That all changes one day when you find a builder who looks far more promising than the rest. After looking at your list of desired features, he assures you he can build your dream house under your desired budget. He even tells you there will be enough left over for a pool in the backyard! He tells you the other builders you’ve spoken with are just ripping you off.

When you walk through his model home, you are in awe of the beautiful vaulted ceilings, the ornate woodwork, the stunning granite countertops, and the elegant oak and marble floors. As you compare his proposed price to that of the other builders, the decision seems like a no-brainer. You sign a contract, secure financing, and shortly thereafter, you receive word that the ground has been broken and construction on your new home is underway.

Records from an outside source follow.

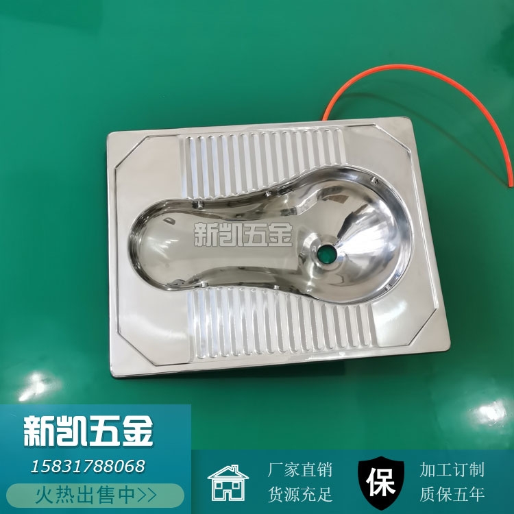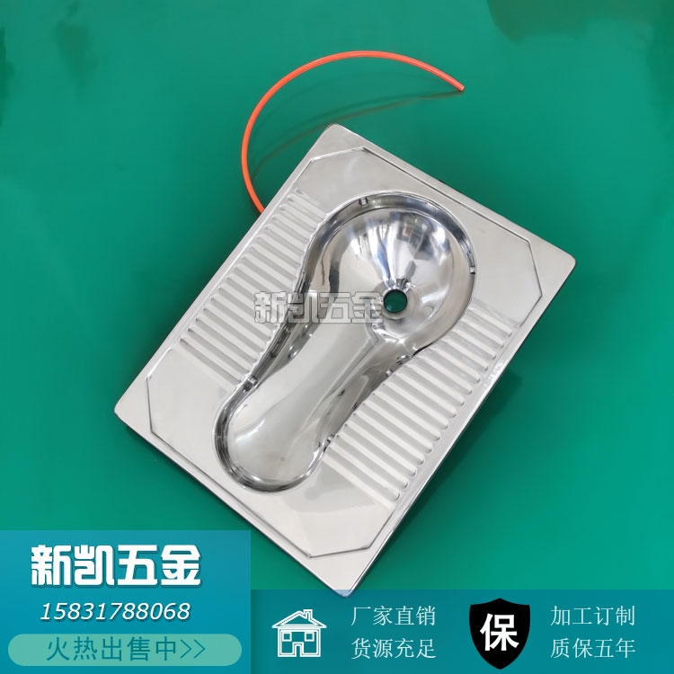 不锈钢一体式蹲便器是通过液压机一次性冲压成形,中间采用葫芦形轮廓,迎合人们蹲式入厕姿势合理,中部采用内凹设计,脚踏处并做条棱形防滑处理,防滑效果显著。
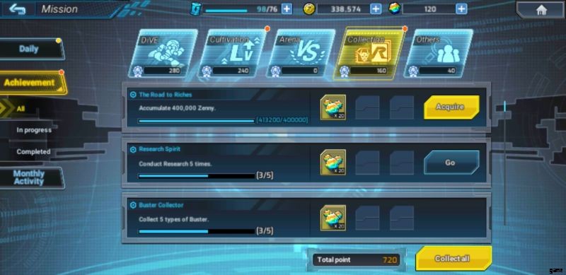 Erfolge hingegen bieten eine einmalige Belohnung pro erreichtem Meilenstein. Oft schaltet das Erreichen eines Ziels ein höherrangiges Ziel frei, das Sie anstreben können, während Sie im Spiel weitere Fortschritte machen. Beachten Sie, dass Erfolge auf fünf separate Registerkarten oder Gruppen verteilt sind. Denken Sie also daran, jeden von ihnen zu überprüfen und Ihre Belohnungen einzufordern. Erfolge sind ebenfalls eine großartige Quelle für kostenlose Elementmetalle, daher ist es sehr empfehlenswert, neue Taten zu vollbringen, insbesondere solche, die leicht zu vollenden sind.
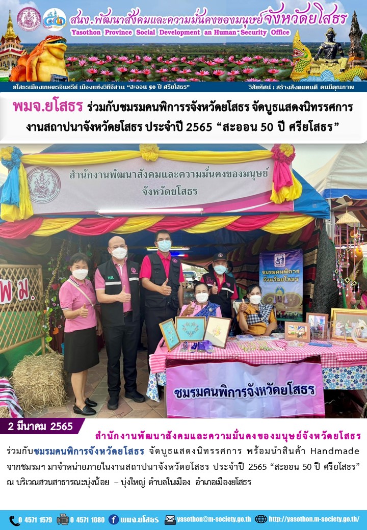 พมจ.ยโสธร ร่วมกับชมรมคนพิการจังหวัดยโสธร จัดบูธแสดงนิทรรศการงานสถาปนาจังหวัดยโสธร ประจำปี 2565 "สะออน 50 ปี ศรียโสธร" (2 มีนาคม 2565)
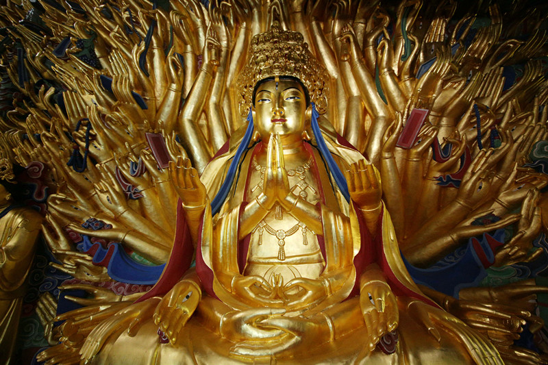 2015年5月5日,重庆市大足区宝顶山,实施抢救性保护后的千手观音造像。
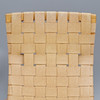 Merkki, pyökkirunko, jossa punottu satulavyö. Selkäkorkeus 100 cm, leveys 65 cm, istuinkorkeus 26 cm.
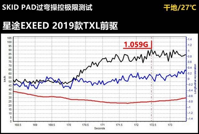 在操控测试方面,1.059G的最大转向加速度已经大大超出我们对星途TXL的预期。对于这个级别的SUV而言,过弯极限能接近1G就已经是很NB了。其实从星途TXL的轴距、重心高度以及车重来看,其操控表现是不值得期待的。所以我们认为对于这样的结果,轮胎应该占一半功劳——此外再强调一下,悬架的软硬不是决定一款车操控的必要条件。
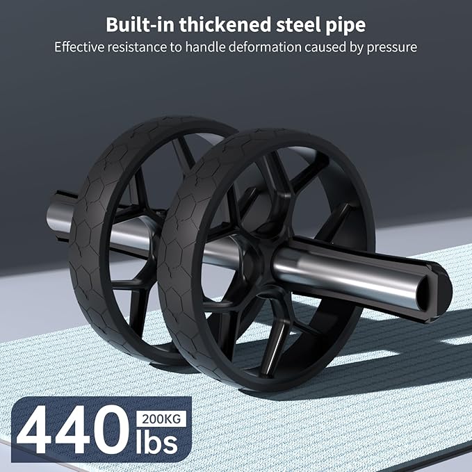 - 【Premium Durable Build & Comfort】 Our Ab wheel roller Constructed with a heavy-duty stainless steel shaft capable of supporting up to 440 lbs (200 kg). Features dual-sided EVA foam knee pads offering non-slip comfort and cushioning during kneeling exercises, protecting your joints.
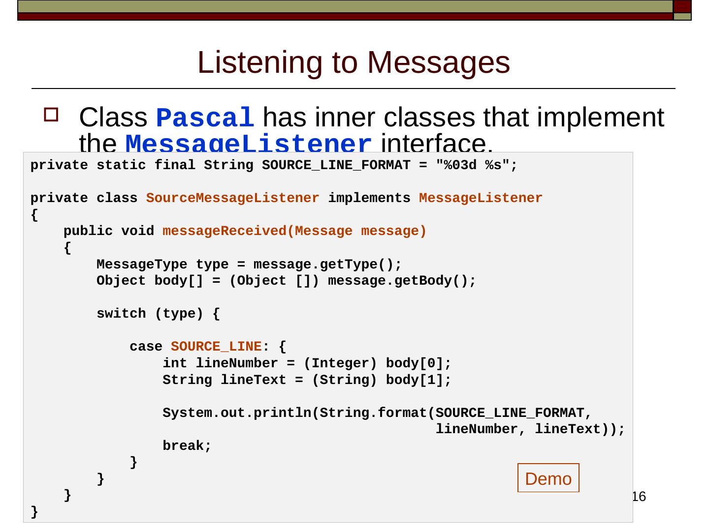 16 .16 Listening to Messages Class Pascal has inner classes that implement the MessageListener interface. private static final String SOURCE_LINE_FORMAT = "%03d %s"; private class SourceMessageListener implements MessageListener { public void messageReceived (Message message) { MessageType type = message.getType (); Object body[] = (Object []) message.getBody (); switch (type) { case SOURCE_LINE : { int lineNumber = (Integer) body[0]; String lineText = (String) body[1]; System.out.println ( String.format (SOURCE_LINE_FORMAT, lineNumber , lineText )); break; } } } } Demo
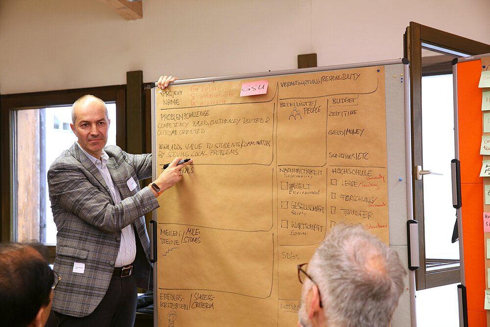 Drei Gruppen widmeten sich diesen Fragen mithilfe der Innovationsmethode „Design Thinking“. Zusätzlich gab es ein weiteres interaktives Workshop-Angebot zur „Spiral-curricularen Verankerung“ von Nachhaltigkeitsbildung durch Dr. Martin Gerner von der Technischen Universität Dresden sowie reichlich Gelegenheit zum Netzwerken.
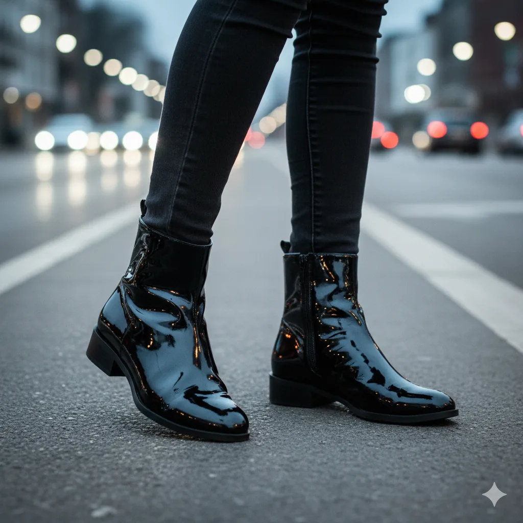 Make a high-shine statement this season with glossy patent boots. Their reflective surface catches light beautifully — perfect for evening looks. Try them in burgundy or emerald for an eye-catching pop against winter neutrals.

You can barely contain your excitement. For the first time in your life, the two of you are going to have a home to call your own. You lie awake at night dreaming of the family dinners you will enjoy some day, kids playing in the yard, the Christmas parties you will host together, and the life that will be shared in your new establishment.

Several weeks into the project, the builder calls you to let you know it is ahead of schedule and under budget, as promised. Excited to see where things are, you grab your spouse and drive across town to see the progress for yourselves. As you pull into the new neighborhood, most homes being built appear to be in the beginning stages, but yours is much further along than the others. The framing is up, the siding is hung, and the floorboards have even been installed, meaning you can walk through the house and begin to envision the layout!

As the builder gives you a tour, you are blown away by the efficiency of his work. It’s all coming together even better than you expected! However, when you go down the stairs into the basement, things take a massive turn for the worse. To your dismay, you find that instead of a solid foundation, the house is sitting on nothing but the ground below it. In a moment, your heart sinks and you get this terribly uneasy feeling.

You ask the builder how he could possibly ignore such a critical part of the homebuilding process, hoping for a reasonable explanation. He begins to explain that in order to give you what you wanted within your budget, he had to leave some things out—all the while assuring you it would be fine. Sensing your frustration, he tells you to come back tomorrow to see the new state-of-the-art windows he is going to install. But you don’t care about this at all. You are completely deflated. You feel cheated—and understandably so. This man had sold you on the features of the house while ignoring the most critical part—the foundation.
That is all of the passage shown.